• How to complete this task
Gather all lines in the records below that include the word "effortless".

Items from a data source:
::::::::::
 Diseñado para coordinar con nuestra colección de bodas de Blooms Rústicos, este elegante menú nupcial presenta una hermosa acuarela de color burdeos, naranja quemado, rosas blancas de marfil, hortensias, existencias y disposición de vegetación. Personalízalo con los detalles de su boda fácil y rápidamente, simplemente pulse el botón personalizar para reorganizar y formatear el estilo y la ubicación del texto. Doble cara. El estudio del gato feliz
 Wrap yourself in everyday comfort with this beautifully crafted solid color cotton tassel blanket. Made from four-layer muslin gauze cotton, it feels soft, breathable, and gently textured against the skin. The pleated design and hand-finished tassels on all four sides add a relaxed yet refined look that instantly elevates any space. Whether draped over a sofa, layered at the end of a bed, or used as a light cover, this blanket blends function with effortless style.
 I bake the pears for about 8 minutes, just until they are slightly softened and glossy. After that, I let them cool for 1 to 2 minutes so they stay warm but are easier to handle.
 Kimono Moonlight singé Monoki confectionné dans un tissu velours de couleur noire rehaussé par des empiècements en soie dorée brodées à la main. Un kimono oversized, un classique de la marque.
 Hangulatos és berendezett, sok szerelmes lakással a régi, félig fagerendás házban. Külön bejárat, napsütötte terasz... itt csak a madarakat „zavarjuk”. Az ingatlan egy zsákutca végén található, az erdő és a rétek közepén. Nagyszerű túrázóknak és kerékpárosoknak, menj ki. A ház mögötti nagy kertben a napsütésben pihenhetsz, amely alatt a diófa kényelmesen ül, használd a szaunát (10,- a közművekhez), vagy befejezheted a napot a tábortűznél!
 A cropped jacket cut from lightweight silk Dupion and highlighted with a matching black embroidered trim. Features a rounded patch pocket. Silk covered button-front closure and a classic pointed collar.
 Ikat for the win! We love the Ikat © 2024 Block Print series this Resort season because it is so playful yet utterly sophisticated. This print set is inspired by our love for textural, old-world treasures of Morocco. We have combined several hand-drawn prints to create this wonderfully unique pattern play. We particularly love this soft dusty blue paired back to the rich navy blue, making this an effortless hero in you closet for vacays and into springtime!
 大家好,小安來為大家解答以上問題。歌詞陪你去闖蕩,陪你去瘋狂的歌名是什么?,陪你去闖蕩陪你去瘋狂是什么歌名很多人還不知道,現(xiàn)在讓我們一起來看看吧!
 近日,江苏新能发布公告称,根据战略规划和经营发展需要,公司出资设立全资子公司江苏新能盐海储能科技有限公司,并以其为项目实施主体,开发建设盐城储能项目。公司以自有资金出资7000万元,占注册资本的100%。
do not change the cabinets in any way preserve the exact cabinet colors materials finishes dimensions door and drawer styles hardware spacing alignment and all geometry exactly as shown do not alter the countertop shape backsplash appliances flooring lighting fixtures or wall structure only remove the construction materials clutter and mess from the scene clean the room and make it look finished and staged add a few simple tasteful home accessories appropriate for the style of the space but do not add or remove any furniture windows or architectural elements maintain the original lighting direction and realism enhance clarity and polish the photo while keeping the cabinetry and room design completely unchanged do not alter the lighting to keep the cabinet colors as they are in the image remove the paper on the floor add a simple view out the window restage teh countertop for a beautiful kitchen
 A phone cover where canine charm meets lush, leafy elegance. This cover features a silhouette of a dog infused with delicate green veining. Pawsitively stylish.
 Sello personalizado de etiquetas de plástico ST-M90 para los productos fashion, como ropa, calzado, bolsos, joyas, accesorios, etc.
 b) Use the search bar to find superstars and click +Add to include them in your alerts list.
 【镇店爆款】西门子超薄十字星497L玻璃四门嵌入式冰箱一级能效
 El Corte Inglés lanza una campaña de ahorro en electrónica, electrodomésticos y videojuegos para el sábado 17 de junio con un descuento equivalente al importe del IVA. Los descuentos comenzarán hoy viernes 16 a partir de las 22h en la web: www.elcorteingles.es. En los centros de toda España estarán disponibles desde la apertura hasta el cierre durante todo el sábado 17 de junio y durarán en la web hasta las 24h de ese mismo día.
::::::::::
• Worked solution
 Wrap yourself in everyday comfort with this beautifully crafted solid color cotton tassel blanket. Made from four-layer muslin gauze cotton, it feels soft, breathable, and gently textured against the skin. The pleated design and hand-finished tassels on all four sides add a relaxed yet refined look that instantly elevates any space. Whether draped over a sofa, layered at the end of a bed, or used as a light cover, this blanket blends function with effortless style.
 Ikat for the win! We love the Ikat © 2024 Block Print series this Resort season because it is so playful yet utterly sophisticated. This print set is inspired by our love for textural, old-world treasures of Morocco. We have combined several hand-drawn prints to create this wonderfully unique pattern play. We particularly love this soft dusty blue paired back to the rich navy blue, making this an effortless hero in you closet for vacays and into springtime!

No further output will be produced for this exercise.